Busch Stadium Tour

Between lunch and the actual baseball game on our anniversary, we went on a tour of Busch Stadium. We had a really good tour guide, who shared lots of interesting side stories in addition to the stadium talk, and who also had a great sense of humor. It was a nice group, too–not too many of us, and most of the people, like us, had tickets to that night’s game.

It was really strange seeing all of the seats empty, and the scoreboards turned off!

We got to tour the Cardinals dugout. It was much bigger than I was expecting!

We also got to check out the view from the “best seat in the stadium”–the press box. The view truly is astounding–and we even got a glimpse of a few players beginning their warm ups down on the field.

The press box is Mike Shannon’s space, so it’s fitting that there’s a tribute to him. We also learned that the press box at Busch Stadium is so large because Mike has a large family, and they are often up there with him during games–pretty cool!

A view outside the most exclusive area of Busch Stadium, (aside from the players’ clubhouse)–The Cardinals Club. Yes, that’s a statue of “Gussie” Busch out front. Did you know that on his 85th birthday, while he was still the owner of the team, the Cards retired the number 85 in his honor? There’s a full-size, fancy sit-down restaurant in the Club. The folks that hold the tickets for the green seats behind home plate have full access to this club, and they never have to pay for any of the food there (or any that they order from their seats in the stadium, for that matter). On the other hand, one seat costs $14,000 per year, and you have to buy at least two seats together, with a 10 year lease, so I guess the least they can do is throw in the food!

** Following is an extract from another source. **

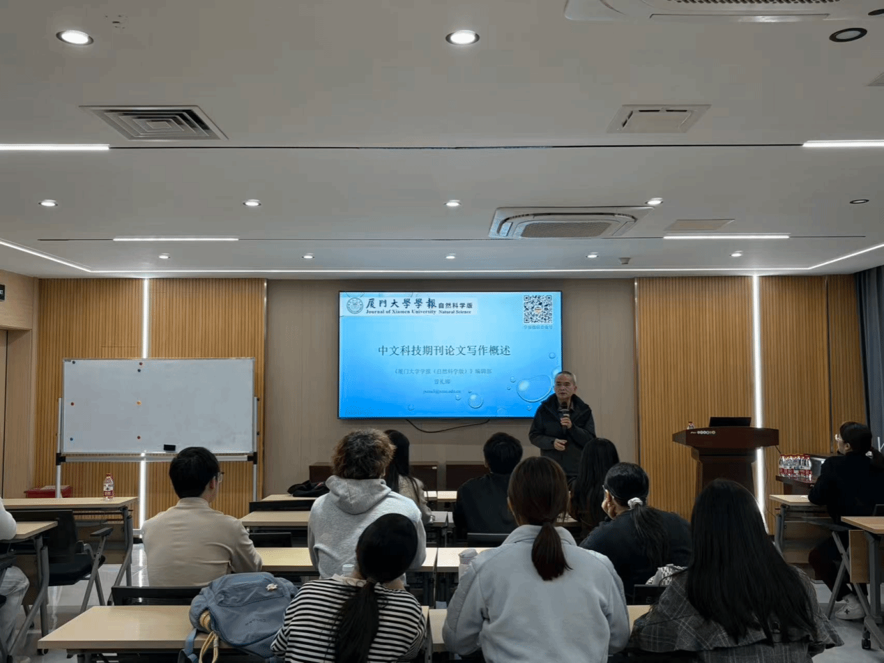 讲座伊始,邱仲潘副主任对《世界杯开云平台学报(自然科学版)》编辑部长期坚持走进学院、面向学生开展学术写作指导的优良传统作出介绍,并指出论文写作能力对科研训练和学术发展具有基础性意义。随后,曾礼娜编辑结合多年期刊编辑与稿件审理经验,从编辑视角系统讲解了中文科技论文写作中的关键问题。
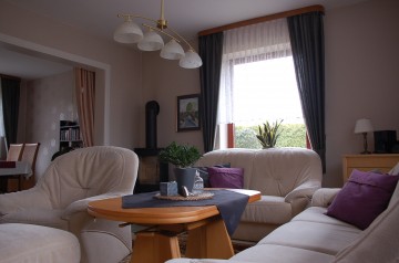 Gemütlich eingerichtetes Ferienhaus in ruhiger Lage. Im Erdgeschoss befinden sich die Küche und Wohnzimmer (32" Flach-TV, DVD, HIFI...) und 2 Schlafzimmer sowie ein Duschbad im Obergeschoss. Die Südterrasse ist vom Wohnzimmer aus begehbar.

Another exclusive area of the ball park–the Redbird Club. The wallpaper in this fancy concessions area is really cool. One of the Cards owners, Bill DeWitt, has an extensive personal baseball card collection. He used his Cardinals cards to have this wallpaper made. The only exception is Satchel Paige, who was actually a St. Louis Brown. This also led into an interesting discussion about the 1944 World Series, (The Streetcar Series), which was a match-up between the Cardinals and the Browns. It’s the only World Series to ever be played on 6 consecutive days, and a rare example of both teams having called the ballpark, (the old Sportsman’s Park), home field.

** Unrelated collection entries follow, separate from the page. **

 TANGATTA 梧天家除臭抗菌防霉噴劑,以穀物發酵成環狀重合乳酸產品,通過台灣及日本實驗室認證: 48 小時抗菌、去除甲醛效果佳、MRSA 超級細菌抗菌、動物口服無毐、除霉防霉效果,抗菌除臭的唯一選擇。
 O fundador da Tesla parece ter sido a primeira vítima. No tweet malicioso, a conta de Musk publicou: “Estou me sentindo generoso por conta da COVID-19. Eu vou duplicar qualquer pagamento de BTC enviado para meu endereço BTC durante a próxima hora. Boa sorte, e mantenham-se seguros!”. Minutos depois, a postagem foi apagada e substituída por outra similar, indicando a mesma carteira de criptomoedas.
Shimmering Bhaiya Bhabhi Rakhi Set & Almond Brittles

A view from the Musial Bridge, looking out on the statue of The Man himself.

Speaking of the statue, here’s a better view of Stan the Man. “Here stands baseball’s perfect warrior. Here stands baseball’s perfect knight.” (Ford Frick)

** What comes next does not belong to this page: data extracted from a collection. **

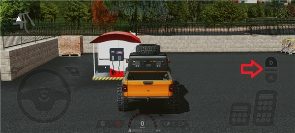 5、点击右上角的钥匙图标启动车辆,通过点击左侧区域控制方向,右侧区域则用于加速和刹车。
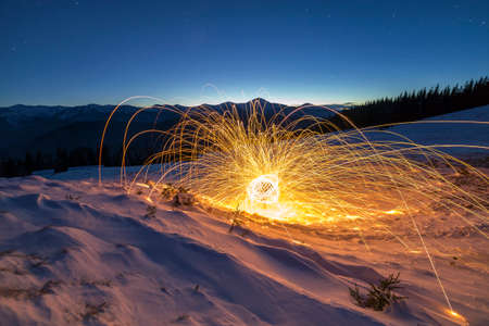 Light painting art. Spinning steel wool in abstract circle, firework showers of bright yellow glowing sparkles on winter snowy valley on mountain ridge and blue night starry sky copy space background.
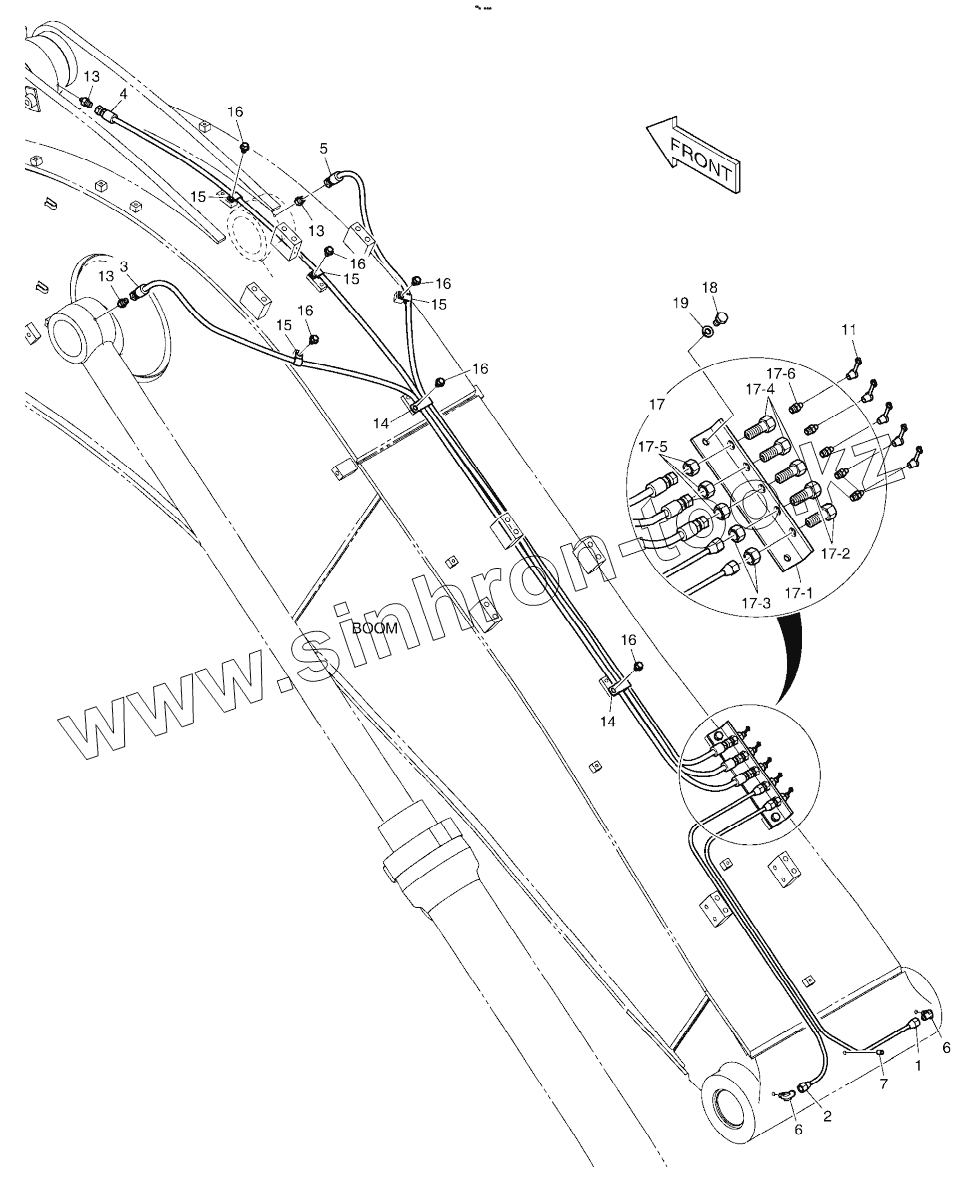 Каталог запасных частей к технике: Doosan DX225LCA. LUBRICATION PIPING - BOOM 5.2m

This is one of the Cardinals’ old logos–Slugger Bird. This is my favorite of the old logos, both because it’s really cute, and because the name is awesome!

There’s no end to the cool plaques you can find scattered around Busch Stadium. This is my favorite, showing the proximity of the old and new parks. There really is a white stripe on the ground below!

I thought this was some cool wall art, too.

Immediately following the tour, we walked by this tribute to Jack Buck outside the stadium. “Go crazy, folks!”

It was a great tour. There is so much history to be learned when you go on one of these things–local and world history, and of course, baseball history. We’re definitely going to go back with the children, someday–it’s a can’t miss St. Louis experience!